Working with a client this week, I got to see something I regularly see – a preoccupation with perfection at the expense of progress.
So many of us have learned that we must get things exactly right, we must have the lives we have planned, we must be what others expect and achieve specific things by a particular stage in life. And if these don’t happen, we are disappointed, depressed and unhappy. Things have to be the way we want them to be.
Perfection is a real downer. The more we focus on perfection the more disconnected we become from life. Humans just aren’t perfect – it is not in our make up. We don’t control our world, our lives or really anything other than our response to the events of life. And in the grand scheme, that means we have really no control.
Good. Who wants to control the uncontrollable? Why waste the time? For every moment we anguish over something that we have no ability to control – get the job, lose the job, get married, get divorced, have enough money, get cancer, be popular, etc – all we do is waste our energy, energy that could have been better used to find ways to successfully respond to what life sends us right now. But when we have our story and screen play all mapped out on how life is and must be, we give ourselves no room for variation, adaptation and resilience.
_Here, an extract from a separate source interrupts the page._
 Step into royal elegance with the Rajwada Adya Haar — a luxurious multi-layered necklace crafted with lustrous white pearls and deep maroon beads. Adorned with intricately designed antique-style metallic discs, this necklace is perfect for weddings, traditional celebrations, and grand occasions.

So what if instead of insisting that life look and be as we want it, we were more flexible and more responsive? What if each day we focused more on progress than perfection? We would then commit each day to making small (and maybe sometimes large) steps forward. We would find joy in the movement and in the progress. We would allow our energy to stay anabolic, happy and productive – we would see the good and not focus on the “not good.”
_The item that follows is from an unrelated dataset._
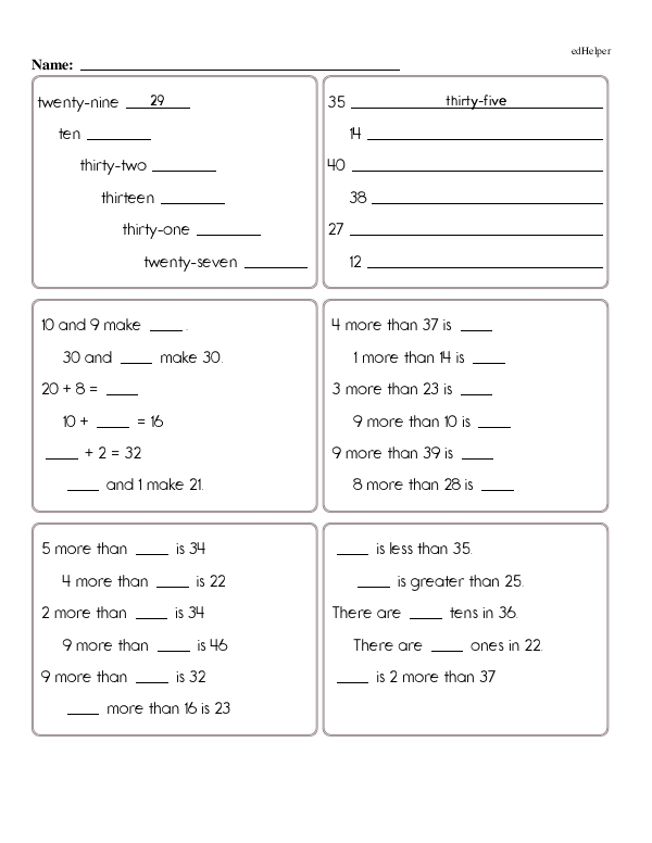 This math chapter workbook on "Numbers to 40" focuses on helping students understand number recognition, counting, and the sequence of numbers up to 40. The workbook includes activities that emphasize reading, writing, and representing numbers in numeral and word form. Comparing numbers (greater than, less than, equal to) is included, alongside simple addition and subtraction practice within 40 to build arithmetic skills. Engaging students with games, songs, and interactive resources is recommended to make learning enjoyable and effective.

I have repeatedly shared in my workshops that I believe we only ever get two things in life: successes to help us learn how to celebrate, and challenges/failures to help us learn and improve. Neither is good or bad. Neither is right or wrong. Both are just information from our world. But add a perfection requirement and now we judge everything that happens. If it is good we are happy. If it is bad we are disappointed. And sometimes a small disappointment can overwhelm even some of the greatest successes. With a refocus on progress that simply notices movement forward – not judging it as good or bad – we stay calmer, more aware and more capable of delivering even greater progress. We stay open to using whatever comes our way to show up big to each moment – grateful, present, content.
Focusing on progress over perfection doesn’t mean we give in and do less; we still show up as our greatest, most creative and best selves. We simply take away the expectation that things “must be” or “have to be” exactly as we planned in favor of being open and available to whatever comes. We still show up big. But we realize that to be successful in life, we must roll with the punches and be resilient. As the quote goes, “Life isn’t about waiting for the storm to pass, it is about learning to dance in the rain.”
Go for progress – forget perfection; use what comes our way to keep moving forward, showing up big to, appreciating and learning from all that happens.
What stops you from moving forward? What areas in work or life need you to be more flexible, resilient and more aware of progress over perfection?
You were born amazing, but not perfect. So live amazing, and let perfection go; it will just hold you back and help you miss out on your most awesome life.